$66,000 Fine Issued in Fatal California Trench Collapse

On May 9, two Empire Equipment Services workers were installing sewer pipes at the site when a 30-foot-wide section of the trench's sidewall sloughed and collapsed. Only one of the workers was able to escape.

Cal/OSHA has cited a contractor and issued a $66,000 penalty in connection with a fatal trench collapse at a Lake Forest residential construction site. A worker died with a 17-foot-deep trench collapsed on him. The agency said its investigators determined that Empire Equipment Services, Inc. did not properly classify the soil and failed to correctly slope the excavation.

On May 9, two Empire Equipment Services workers were installing sewer pipes at the site when a 30-foot-wide section of the trench's sidewall sloughed and collapsed. Only one of the workers was able to escape. Cal/OSHA's investigation found the company failed to ensure the site was inspected by someone who was deemed competent by the employer and familiar with trench hazards, soil classification, and the appropriate safety requirements.
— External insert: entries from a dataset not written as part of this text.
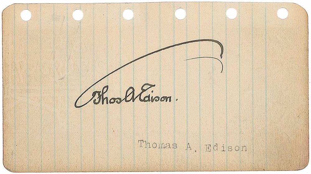 Bold ink ‘umbrella’ signature, “Thos. A. Edison,” on an off-white 4.5 x 2.5 lined page. In fine condition, with moderate toning and soiling to borders, a light paperclip impression to top edge, and a stray ink mark below the ‘umbrella.’
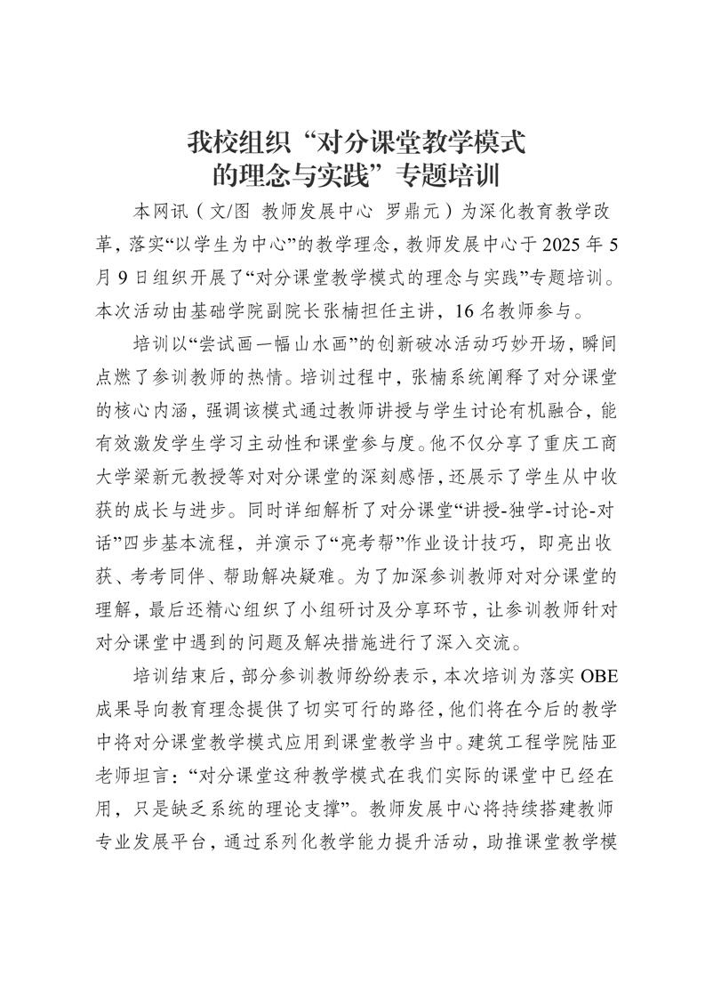 我校组织“对分课堂教学模式的理念与实践”专题培训
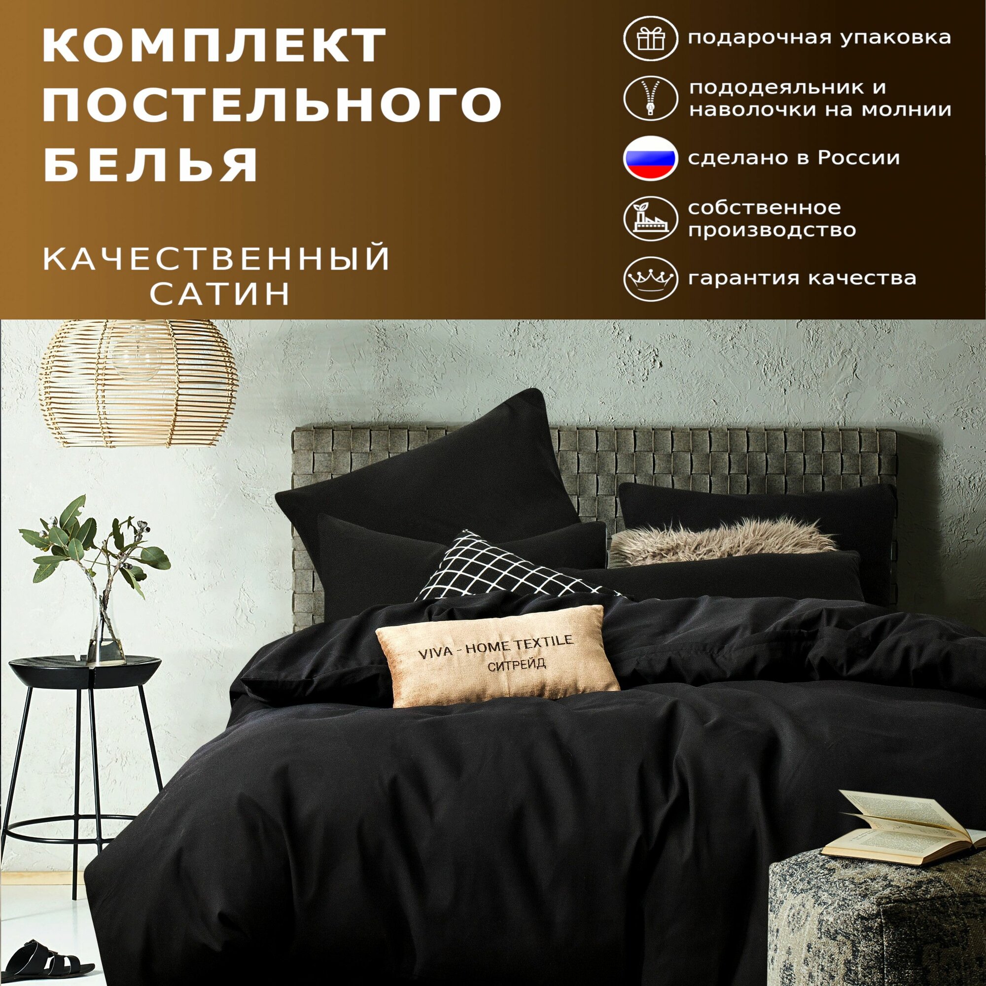 Комплект постельного белья ситрейд Евро чёрный, Сатин, наволочки 50x70, 70x70 по 2 шт.
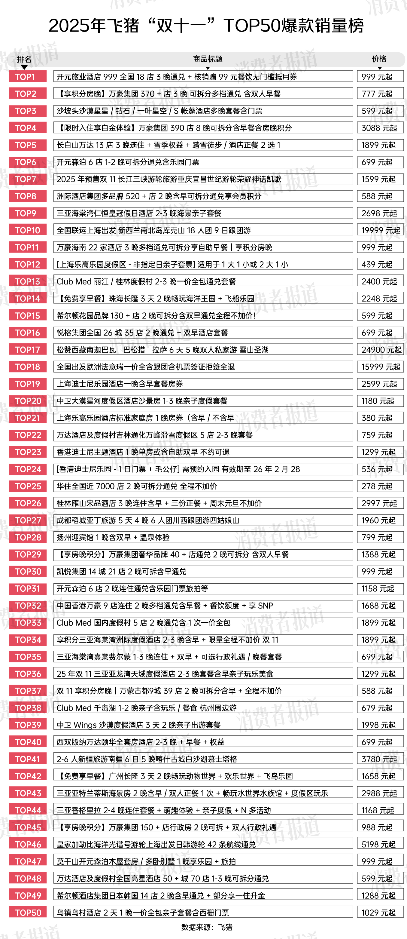 据飞猪11月11日发布的“双十一”TOP50销量榜,前50名中酒店类产品占比超过80%,开元、万豪、洲际、华住等品牌的“通兑套餐”表现突出。这些套餐普遍具备可拆分使用、全程不加价、含早餐权益等核心优势、例如,999元“开元酒店全国18店3晚可拆含早通兑”,777元起的三晚可拆分使用、含双人早餐“万豪集团370+店通兑(享积分房晚)”。通过一份套餐覆盖全国多店、多场景的灵活性,精准击中消费者“囤券备用、错峰出行”的需求,开元旅业、万豪集团推出的品牌爆款套餐销量均破10万套,GMV破亿。
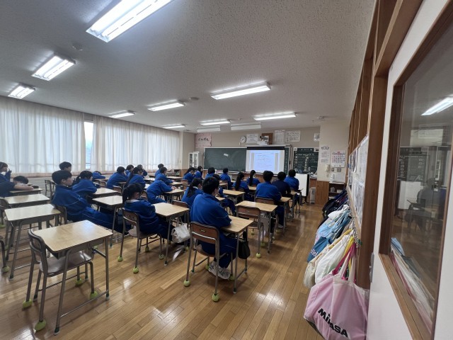 本来は体育館に全校が集まりお話を聞く予定でしたが、各教室への配信の形でゲストティーチャー講話を開催しました。
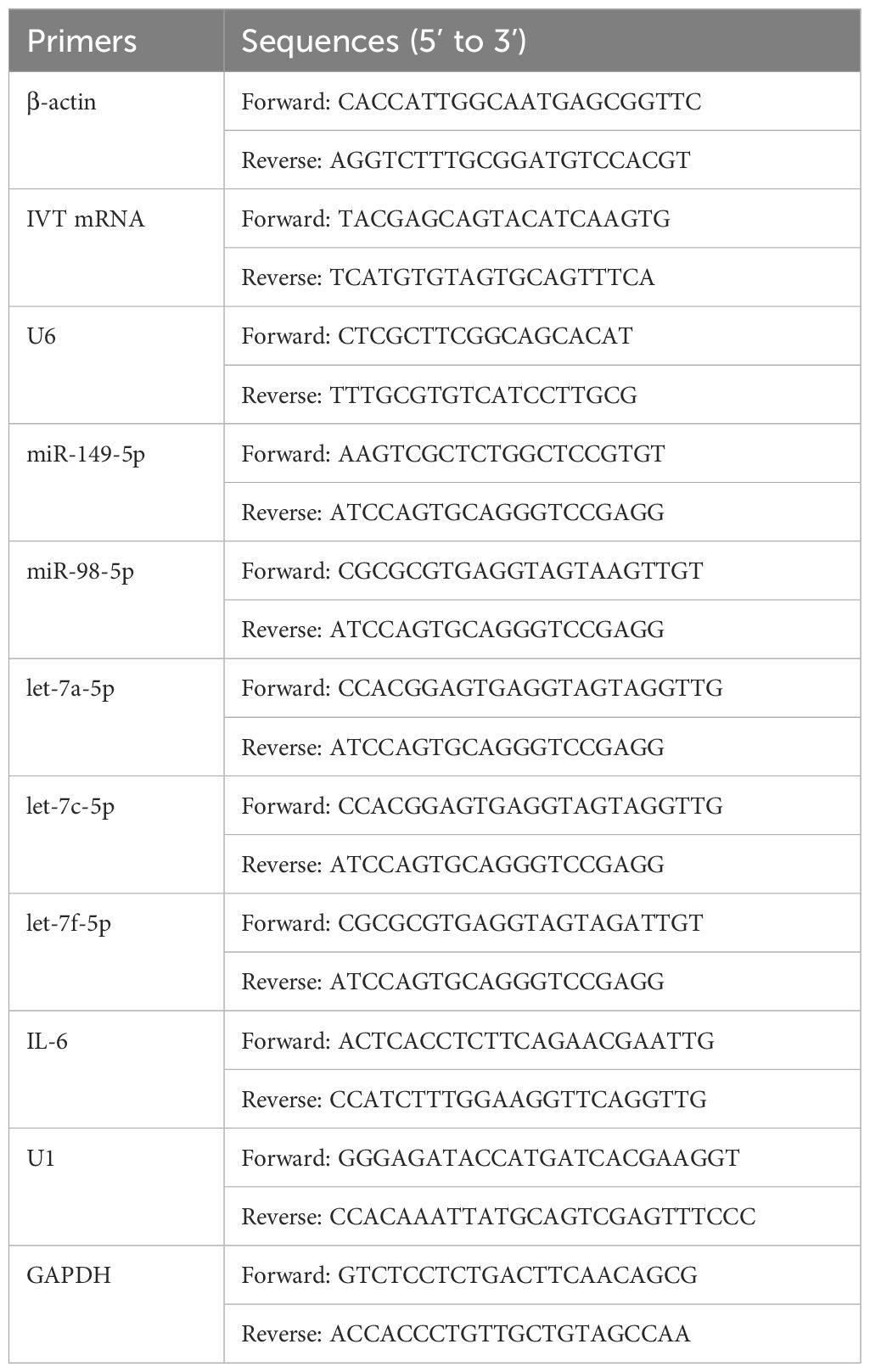 miR-98-5p: GTCGTATCCAGTGCAGGGTCCGAGGTATTCGCACTGGATACGACAACAAT; let-7a-5p: GTCGTATCCAGTGCAGGGTCCGAGGTATTCGCACTGGATACGACAACTAT;
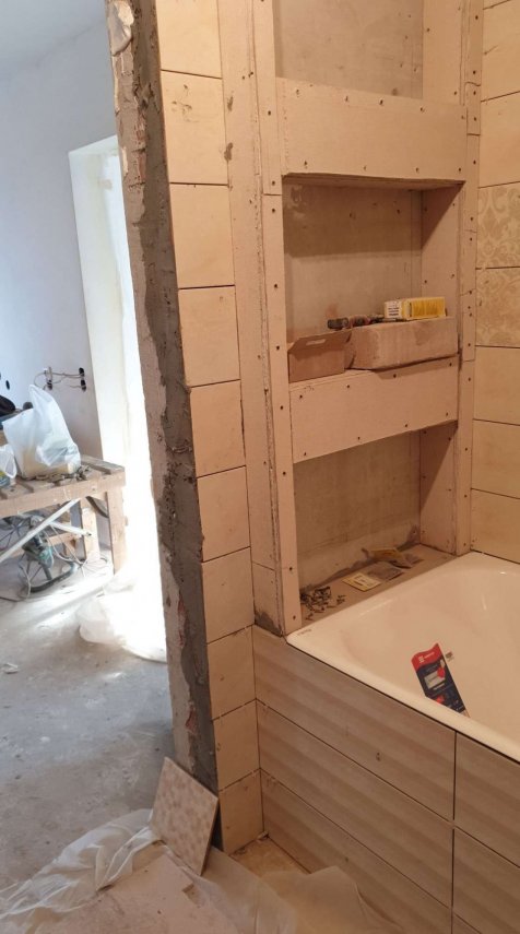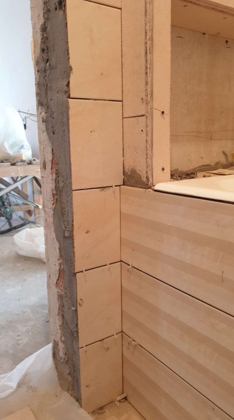 1. Добрый день. Понимающих людей прошу совета: Внутренний угол в ванной (см. фото) - первые 3 ряда в плоскости двери положили "на" плитку плоскости ванной, а остальные "под". Ремонтники говорят, что после затирки все будет нормально. Но я как то не представляю как это тео...

The soil at the work site was unstable, requiring an adequate protective system.

"Because working in excavations is so dangerous, a competent person must conduct thorough visual and manual tests to properly classify the soil and adequately protect employees from cave-ins," said Cal/OSHA Chief Juliann Sum. "Failing to carry out these requirements can be fatal."

Cal/OSHA issued citations to Empire Equipment Services Inc. for two serious accident-related violations and one general violation with $66,000 in proposed penalties. One of the serious violations is classified as repeat. In August 2017, Cal/OSHA had cited the employer, with $24,670 in penalties, for serious safety violations after conducting an inspection at another site in Lake Forest. During that inspection, Cal/OSHA found that the employer had exposed its workers to serious hazards while working in a trench more than 5 feet deep without properly sloping or installing any adequate protective systems.